A BBC article this morning, entitled "Virtual Monkeys Write Shakespeare," investigates Jesse Anderson's project to simulate an infinite number of monkeys hammering on an infinite number of typewriters, to see how long these code monkeys take to reproduce the Bard's complete body of work. In short, this is a virtual test of the platitude that an infinite number of monkeys pummeling relentlessly on a battered keyboard can shamble together the prose of a lyrical genius. So how much value is there to this cliché?

"If you put enough monkeys in a room with a typewriter, they'll produce Shakespeare": this concept is called the "infinite monkey theorem." (And yes, there's a Wiki page on it. And no, I will not explain the mathematical proofs.) Jorge Luis Borges, in his essay "The Total Library," traced the idea as far back as Aristotle--so the idea is hardly new. Literary theory uses this concept in one of two general ways: either to argue that art is not an accident, or to contend that anybody has the ability to produce art. In the latter case, the monkey adage swings from our tongues to insinuate contempt at someone else's good fortune, or to compliment a budding talent.

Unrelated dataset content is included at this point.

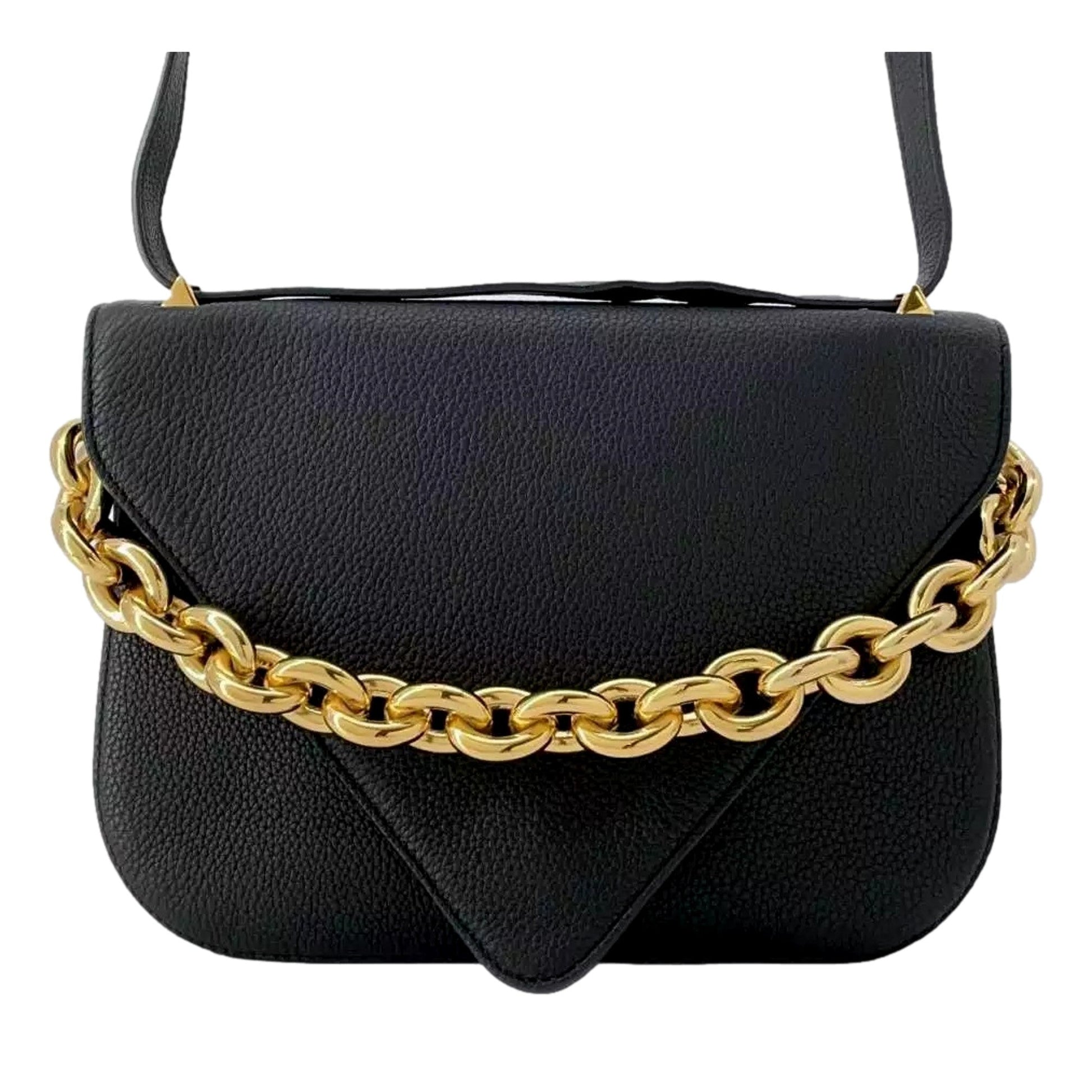 Ideal for both day and evening wear, the Bottega Veneta Mount Envelope Medium Shoulder Bag exudes an effortless, refined elegance. Its timeless design, combined with the contrast of black leather and gold accents, makes it a perfect complement to a wide range of outfits, whether you're dressing up for an evening out or adding a polished touch to your everyday look. This bag is a statement of understated luxury, reflecting the brand's mastery of craftsmanship and design.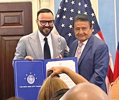 En medio del crisol de nacionalidades, la ecuatoriana “tiene una historia de gran significancia en Nueva York”, agregó el alcalde, al tiempo de subrayar el liderazgo de Moya como “el primer concejal ecuatoriano en la historia del Concejo Municipal neoyorquino y el primero de este origen en ser electo a una función pública en Estados Unidos”.

But let's stop for a moment. Anderson's project provides a fun glimpse into a quirky thought experiment--can an infinite monkey actually generate Shakespeare's texts, yet alone any others? There are a few pragmatic issues that weigh down this test, like a monkey on the back. Firstly, nobody--save the titular Doctor of Doctor Who--has an eternity with which to toy around in time and space. Secondly, genuine art is a reaction to life experiences, a considered and developed response to an individual's sense of reality. The collaborative effort necessary for monkeys ad infinitum to gather in a room and produce a text are staggering. In the instance of a single monkey, an eternity could elapse before producing the opening chapter of Stephanie Meyer's Twilight.

Which would leave literature in a sorry place, indeed.

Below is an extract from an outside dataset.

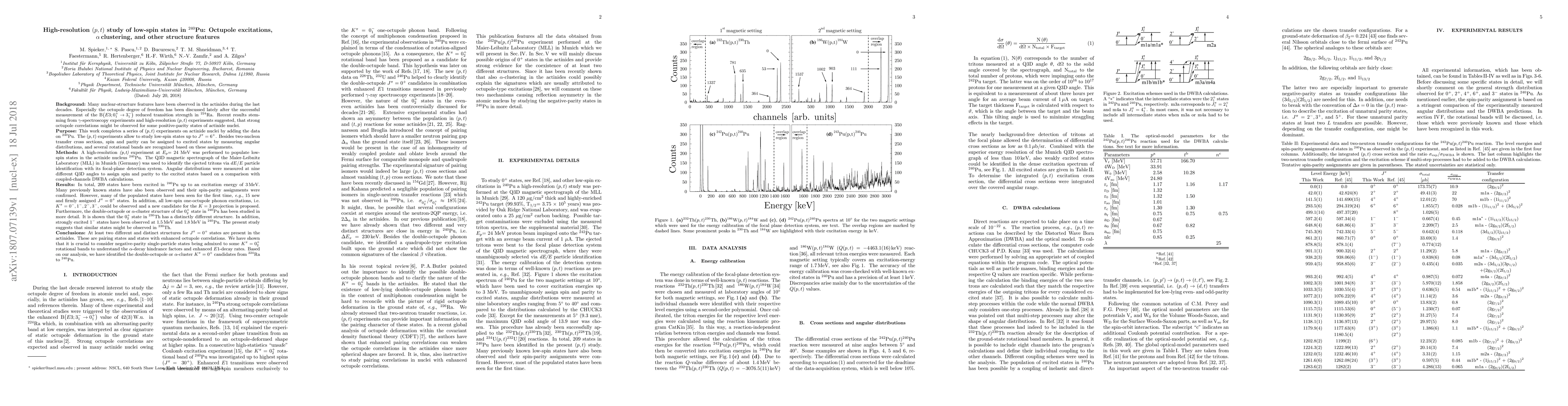 A high-resolution $(p,t)$ experiment at $E_{p}$= 24 MeV was performed to populate low-spin states in the actinide nucleus ${}^{240}$Pu. The Q3D magnetic spectrograph of the Maier-Leibnitz Laboratory (MLL) in Munich (Germany) was used to identify the ejected tritons via $dE/E$ particle identification with its focal-plane detection system. Angular distributions were measured at nine different Q3D angles to assign spin and parity to the excited states based on a comparison with coupled-channels DWBA calculations. In total, 209 states have been excited in $^{240}$Pu up to an excitation energy of 3 MeV. Many previously known states have also been observed and their spin-parity assignments were confirmed. However, many of the populated states have been seen for the first time. The low-spin one-octupole phonon excitations, i.e. $K^{\pi} = 0^-,1^-,2^-,3^-$, could be observed and a new candidate for the $K = 3$ projection is proposed. Furthermore, the double-octupole or $\alpha$-cluster structure of the $0^+_2$ state in $^{240}$Pu has been studied in more detail. It is shown that the $0^+_2$ state in $^{230}$Th has a distinctly different structure. In addition, strongly excited $1^-$ states have been observed at 1.5\,MeV and 1.8\,MeV in $^{240}$Pu. The present study suggests that similar states might be observed in $^{230}$Th. At least two different and distinct structures for $J^{\pi} = 0^+$ states are present in the actinides. These are pairing states and states with enhanced octupole correlations. We have shown that it is crucial to consider negative-parity single-particle states being admixed to some $K^{\pi} = 0^+_2$ rotational bands to understand the $\alpha$-decay hindrance factors and enhanced $E1$-decay rates. Based on our analysis, we have identified the double-octupole or $\alpha$-cluster $K^{\pi} = 0^+$ candidates from $^{224}$Ra to $^{240}$Pu.

This is to say that the complete works of William Shakespeare are the culmination of the Bard's singular existence. His endeavors as an actor, playwright, father, husband, lover, etc. produces an array of influences far vaster than the random happenstance of monkeys slapping their digits across a typewriter's keys. Furthermore, Shakespeare has a certain social, historical, and political context--Elizabethan England, the rise of empire, the culture of the stage, bowing to the wants of groundlings and nobles alike. Perhaps the only context—political or otherwise—of imprisoning monkeys with typewriters is a pending legal action by the ASPCA, or a series of coy adverts released by PETA.

Let us leave literature to each other, and to our individual talents and insights. And let the monkeys keep their own interests intact. "Monkeys," as the BBC article's photo caption reads, are "more interested in throwing faeces than writing sonnets."